However, the organization, preparation, and presentation of materials in a class or other instructional setting represent the intellectual effort of the instructor. Instructors have an interest in protecting this intellectual effort and in assuring the accuracy of any public representations of their course lectures and presentations. The classroom should also be a place where instructors feel free to share with students the full range of information available in their subject areas, including results of new research as it is produced, without concern that such new knowledge will be shared prematurely outside the University learning community. Broadly disseminating class notes beyond the classroom community or accepting compensation for taking and distributing classroom notes undermines instructor interests in their intellectual work product while not substantially furthering instructor and student interests in effective learning.
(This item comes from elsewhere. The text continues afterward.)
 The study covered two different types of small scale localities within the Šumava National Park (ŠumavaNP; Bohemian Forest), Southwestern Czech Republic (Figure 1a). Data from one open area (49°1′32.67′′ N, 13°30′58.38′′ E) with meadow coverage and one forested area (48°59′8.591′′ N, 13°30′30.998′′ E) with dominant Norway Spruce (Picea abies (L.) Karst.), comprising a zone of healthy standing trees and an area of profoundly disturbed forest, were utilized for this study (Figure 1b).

Such actions violate shared norms and standards of the academic community.
- Students may not distribute, via the Internet or other means, instructor-provided lecture notes or other instructor-provided materials, except to other members of the same class or with the express consent of the instructor.
- Instructors have the right to impose additional restrictions on course materials in accordance with copyright and intellectual property law and policy. (See Board of Regents Policy: Copyright, Board of Regents Policy: Commercialization of Intellectual Property Rights and Administrative Policy: Copyright Ownership.)
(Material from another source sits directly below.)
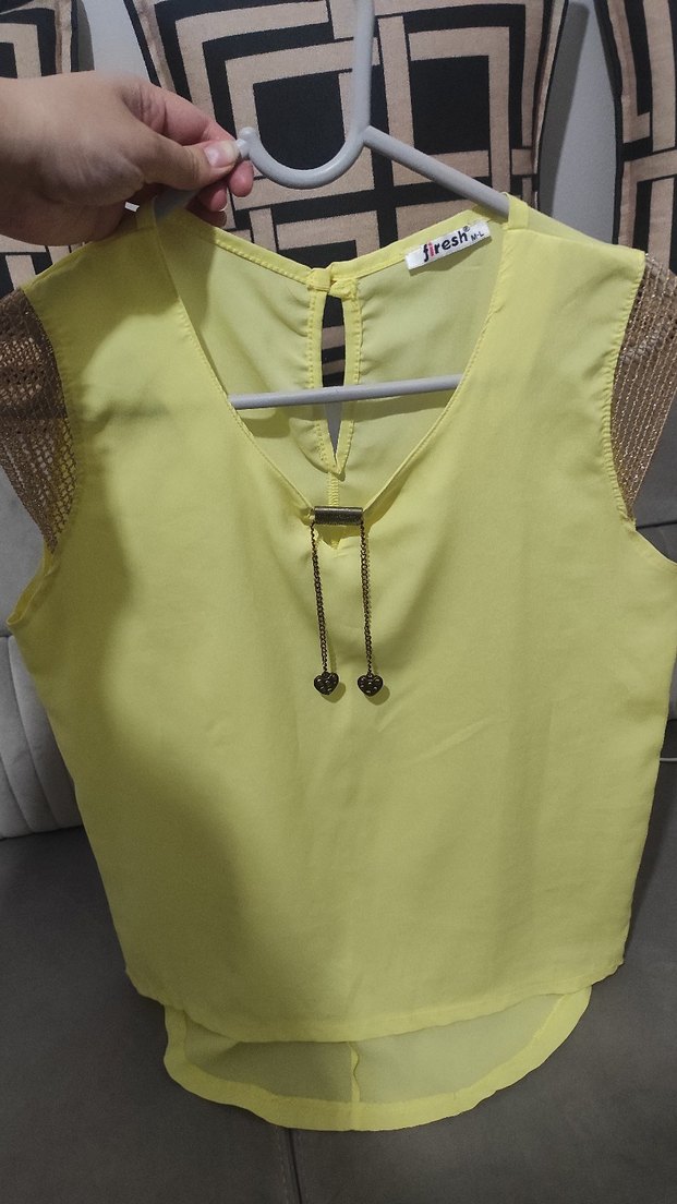 Zincir detaylı, V yaka, kolsuz sarı bluz. Gevşek kesim ve normal midi boyda. Parlak sentetik kumaştan, günlük rahat ve sokak stiline uygun. Ürün temizdir hiçbir yerinde defosu yoktur. iç gösterir. M-L bedendir.

- While students hold the copyright to their own notes from a course, students may not engage in the widespread distribution or sale of transcript-like notes or notes that are close to verbatim records of a lecture or class presentation. Students may share such notes with other students in the same class.
- The provisions of this policy are enforceable as University rules under Board of Regents Policy: Student Conduct Code.
- If the faculty of a department or collegiate unit, as a group, or individual faculty in a particular course, have assented to or authorized the distribution of lecture notes or instructor-provided materials, such action does not violate this policy.
This policy is not applicable to the Duluth campus.
REASON FOR POLICY
One of the advantages of taking classes from faculty who are active researchers in their field is the opportunity for students to learn about research that may not yet be published. If students share the results of this research or scholarship outside the classroom it creates a disincentive for faculty to share this work. The policy also encourages students to take their own course notes rather than rely on the notes of others. Notes taken in a class are intended for students to use to facilitate their learning in a course, and not to provide profit to an individual student, or to be used by students outside of that particular course.
There are no procedures related to this policy.
There are no forms related to this policy.
- Broad dissemination
- To distribute widely, outside of the confines defined in this policy (e.g. distributing online, distributing to students outside of class, etc.).
- Commercial purposes
- To make a profit, accept compensation or to benefit through any means.
- Express written consent
- Obtaining written affirmative permission from a person.
There are no specified responsibilities related to this policy.
There are no appendices related to this policy.
FREQUENTLY ASKED QUESTIONS
- Is it acceptable to share course notes with students who are taking the course in a subsequent term?
- Students should only share course notes with other students enrolled in the course during the same semester. The instructor teaching a particular course may change, and notes from a previous offering may or may not be applicable to the current offering.
- What does broadly disseminating course materials mean?
- Making course materials available via the internet, broadcasting, or using other media that could reach a wide audience.
- Board of Regents Policy: Commercialization of Intellectual Property Rights
- Board of Regents Policy: Copyright
- Board of Regents Policy: Student Conduct Code
- Administrative Policy: Copyright Ownership
- December 2009 - Policy now applies to Crookston campus.